Educated is an account of the struggle for self-invention. It is a tale of fierce family loyalty, and of the grief that comes with severing the closest of ties. With the acute insight that distinguishes all great writers, Westover has crafted a universal coming-of-age story that gets to the heart of what an education is and what it offers: the perspective to see one’s life through new eyes, and the will to change it.


My Rating: 5 stars


My Review: This book is about a girl who, despite her parents' lack of support and encouragement for formal education, manages to start her academic journey at the age of seventeen. With perseverance, dedication and help from people outside her tight knit, dysfunctional family, she is rewarded years later with her PhD.

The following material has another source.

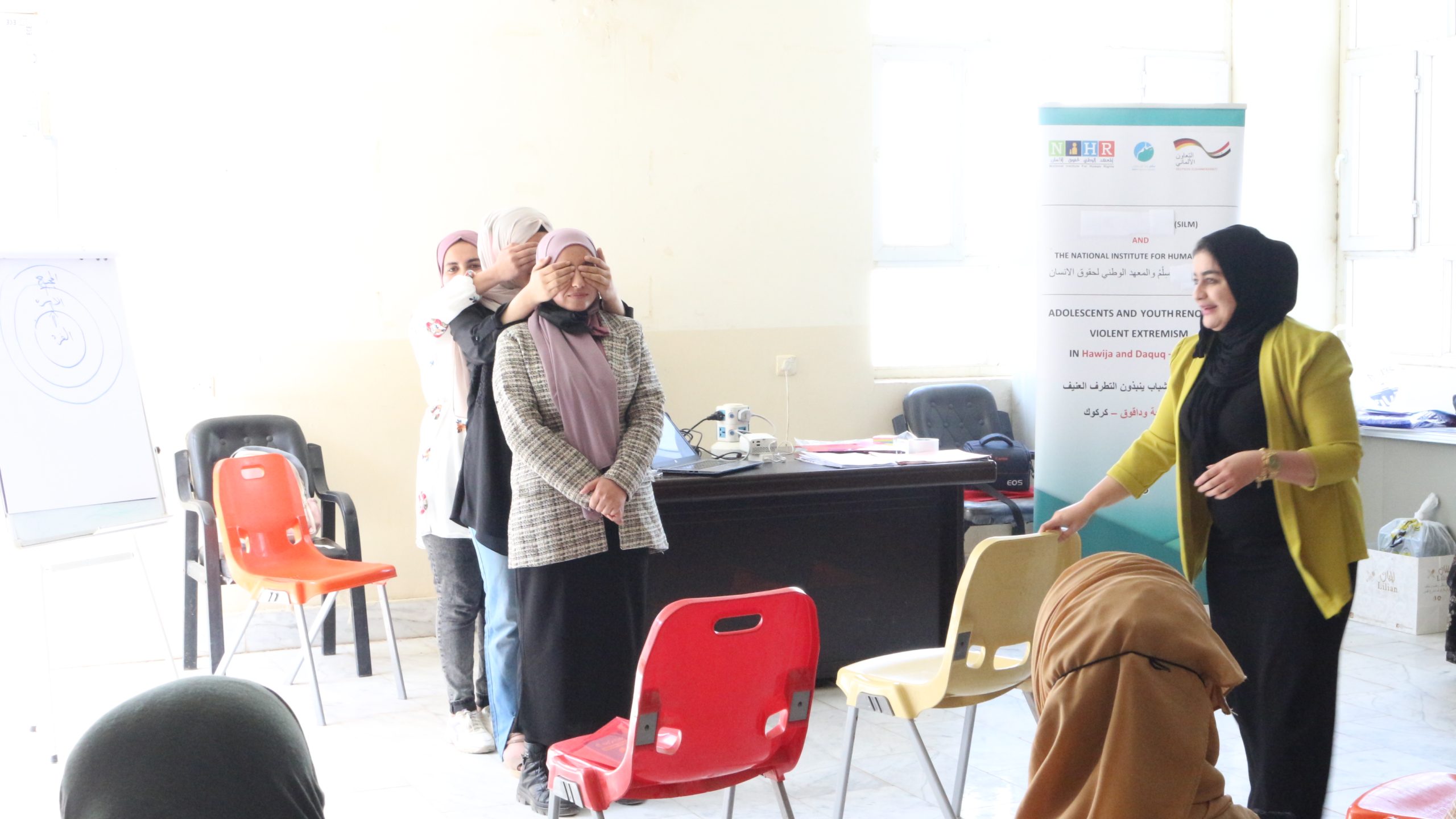 Communication and effective communication is the title of the one-day training workshop held by NIHR within the activities of the project (Adolescents and Youth Reject Violent Extremism in Hawija and Daquq Districts ), in which 25 adolescent girls and women in Hawija district participated to develop their cognitive and practical skills on effective communication mechanisms to contribute to highlighting their role in their communities, reintegrating them into society properly, and delivering their voices to decision-makers in their areas.

Raised by her fundamentalist parents on a secluded mountain in Buck Peak, Idaho, her childhood was not a typical one. Her family situation was dire, brutal and heartbreaking. Her parents, especially her father, were suspicious of the government and determined to keep their children away from its influence, which included attending school. Their days were spent working in their family's metal scrapyard with shockingly little concern for their safety, but it was the mental abuse and control that her parents wielded over the children, that was the scariest and had the longest lasting effects.


Much of the book focuses on this dysfunctional bond with her family and how it conflicted with her deep-seated desire to educate herself. I'll admit that I found the first third of the book slow, but after that point I had a hard time putting it down. For a book where you already know the outcome going in, I was amazed at how riveted I was by Westover's life, her decisions and her repeated struggles to find out who she is, despite her childhood and family's pressure to conform. 


This is a well-written and impressive memoir that doesn't hold back. It has its touching moments but often it's a heartbreaking story about a girl who struggles to find her way in the world despite her family's hold on her. Many scenes were hard to read, and I had to keep reminding myself that this wasn't a work of fiction. Westover's childhood was appalling but her story becomes one of perseverance, healing and strength.


Disclaimer: This Advanced Reading Copy (ARC) was generously provided by the publisher in exchange for my honest review.